I also ensured that when conducting a label search the matching labels in an entry page are now highlighted and the page automatically scrolls down to the first matching label.  I also made several tweaks to the XSLT, ensuring that where there are no dates for citations the text ‘TBD’ appears instead and ensuring a number of tags that were not getting properly transformed were handled.

Also this week I made some final changes to the interactive map of Burns Suppers, including tweaking the site icon so it looks a bit nicer and adding in a ‘read more’ button to the intro text and fixing the scrolling issue on small screens, plus updating the text to show 17 filters.  I fixed the issue with the attendance filter and have also updated the layout of the filters so they look better on both monitors and mobile devices.

My other main task of the week was to restructure the Mapping Metaphor website based on suggestions for REF from Wendy and Carole.  This required a lot of work as the visualisations needed to be moved to different URLs and the Old English map, which was previously a separate site in a subdirectory, needed to be amalgamated with the main site.

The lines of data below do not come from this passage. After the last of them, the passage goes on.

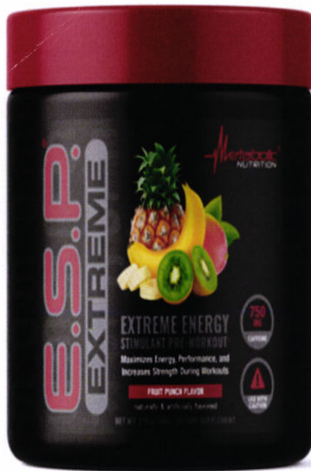
Figure 4. Unregistered E.S.P EXTREME Extreme Energy Stimulant Pre-Workout Fruit Punch Flavor Dietary Supplement (10 oz.)
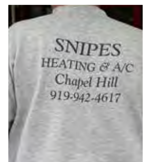
Left – Tommy Snipes T-shirt

Cold... unless you're baking beside the age-old furnace? Winter inside the Bynum Front Porch. NO MORE !!!
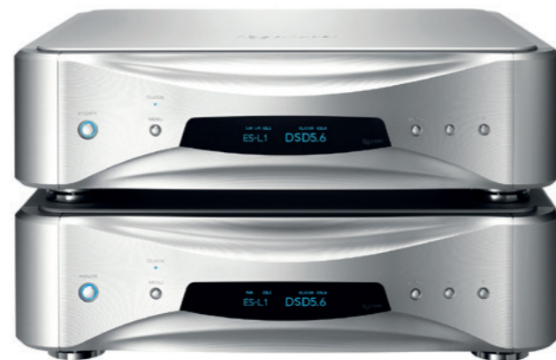
Sold in stereo configuration as shown.
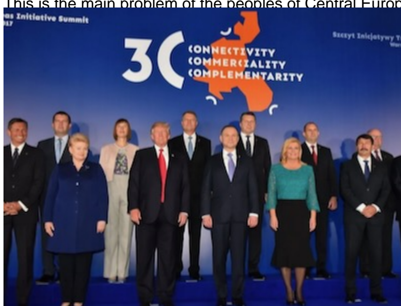
In 2017, U.S. President Donald Trump

This is the main problem of the peoples of Central Europe: they rightly seek to assert themselves but they are unable to do so without fighting them to confront each other.
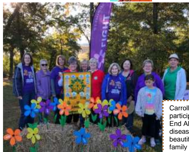
Carrollton Pilot Club of Pilot International participated in the annual West Georgia "Walk to End Alzheimer's" to promote awareness of the disease and raise funds for research. It was a beautiful fall morning for a walk with members, family and friends!
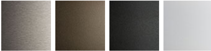
acero inox satinado
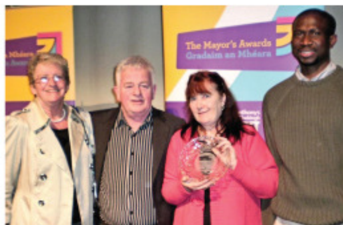
ALâ presented with Mayors Award 2010

I removed the top-level tabs that linked between MM, MMOE and MetaphorIC and also the ‘quick search’ box.  The ‘metaphor of the day’ page now displays both a main and an OE connection and the ‘Metaphor Map of English’ / ‘Metaphor Map of Old English’ text in the header has been removed.  I reworked the navigation bar in order to allow a sub-navigation bar to appear.  It is now positioned within the header and is centre-aligned.  ‘Home’ now features introductory text rather than the visualisation.  ‘About the project’ now has the new secondary menu rather than the old left-panel menu.  This is because the secondary menu on the map pages couldn’t have links in the left-hand panel as it’s already used for something else.  It’s better to have the sub-menu displaying consistently across different sections of the site.  I updated the text within several ‘About’ pages and ‘How to Use’, which also now has the new secondary menu.  The main metaphor map is now in the ‘Metaphor Map of English’ menu item.  This has sub-menu items for ‘search’ and ‘browse’.  The OE metaphor map is now in the ‘Metaphor Map of Old English’ menu item.  It also has sub-menu items for ‘search’ and ‘browse’.  The OE pages retain their purple colour to make a clear distinction between the OE map and the main one.  MetaphorIC retains the top-level navigation bar but now only features one link back to the main MM site.  This is right-aligned to avoid getting in the way of the ‘Home’ icon that appears in the top left of sub-pages.  The new site replaced the old one on Friday and I also ensured that all of the old URLs continue to work (e.g. the ‘cite this’ will continue to work.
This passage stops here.